* [Data below]:

________

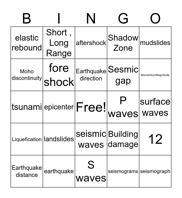 This bingo card has a free space and 30 words: earthquake, focus, epicenter, faults, elastic rebound, aftershock, fore shock, seismic waves, P waves, S waves, surface waves, seismograph, seismograms, Richter Scale, MomentumMagnitude, Modified Mercalli Scale, Building damage, Liquefication, landslides, mudslides, tsunami, fires, Short , Long Range, Sesmic gap, Moho discontinuity, Shadow Zone, 12, Earthquake distance, Earthquake direction and 95.
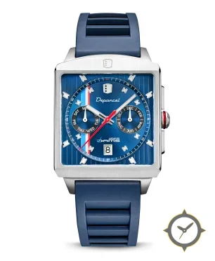 Eine Racing-Uhr mit einem markanten 49.5mm Auftritt am Handgelenk, gefertigt aus Edelstahl mit einem Zifferblatt in blau und einer besonderen "sunburst center with vertical striped outer chapter ring"-Oberfläche.
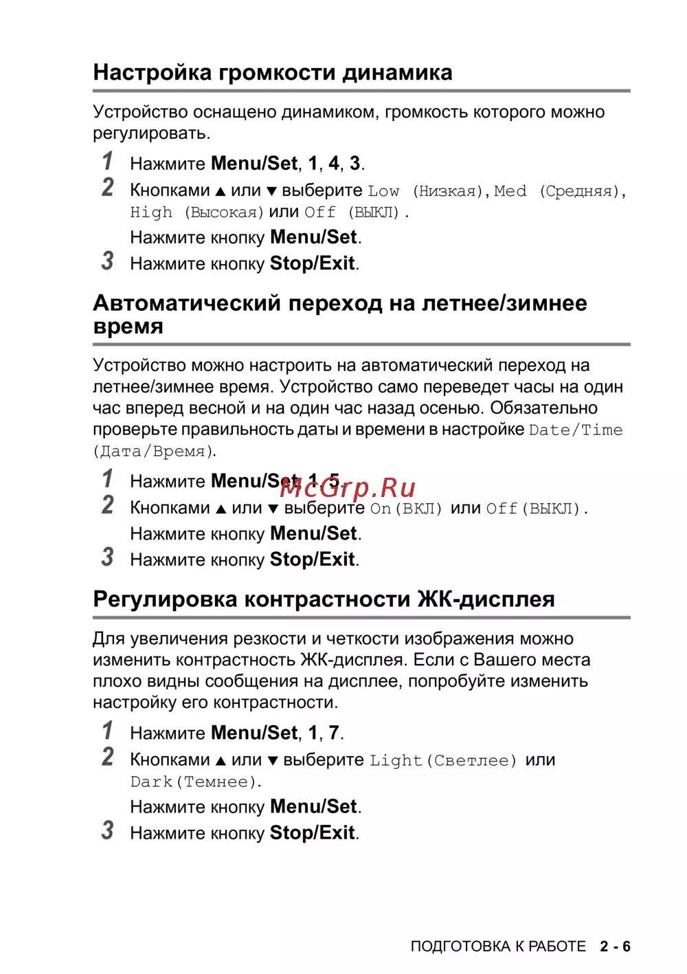 Brother MFC-425CN — настройка громкости и контрастности устройства: пошаговое руководство [45/202]

________

* [Task details]: Write the listing out exactly, apart from its pictures.

* [Exercise result]:
 This bingo card has a free space and 30 words: earthquake, focus, epicenter, faults, elastic rebound, aftershock, fore shock, seismic waves, P waves, S waves, surface waves, seismograph, seismograms, Richter Scale, MomentumMagnitude, Modified Mercalli Scale, Building damage, Liquefication, landslides, mudslides, tsunami, fires, Short , Long Range, Sesmic gap, Moho discontinuity, Shadow Zone, 12, Earthquake distance, Earthquake direction and 95.
 Eine Racing-Uhr mit einem markanten 49.5mm Auftritt am Handgelenk, gefertigt aus Edelstahl mit einem Zifferblatt in blau und einer besonderen "sunburst center with vertical striped outer chapter ring"-Oberfläche.
 Brother MFC-425CN — настройка громкости и контрастности устройства: пошаговое руководство [45/202]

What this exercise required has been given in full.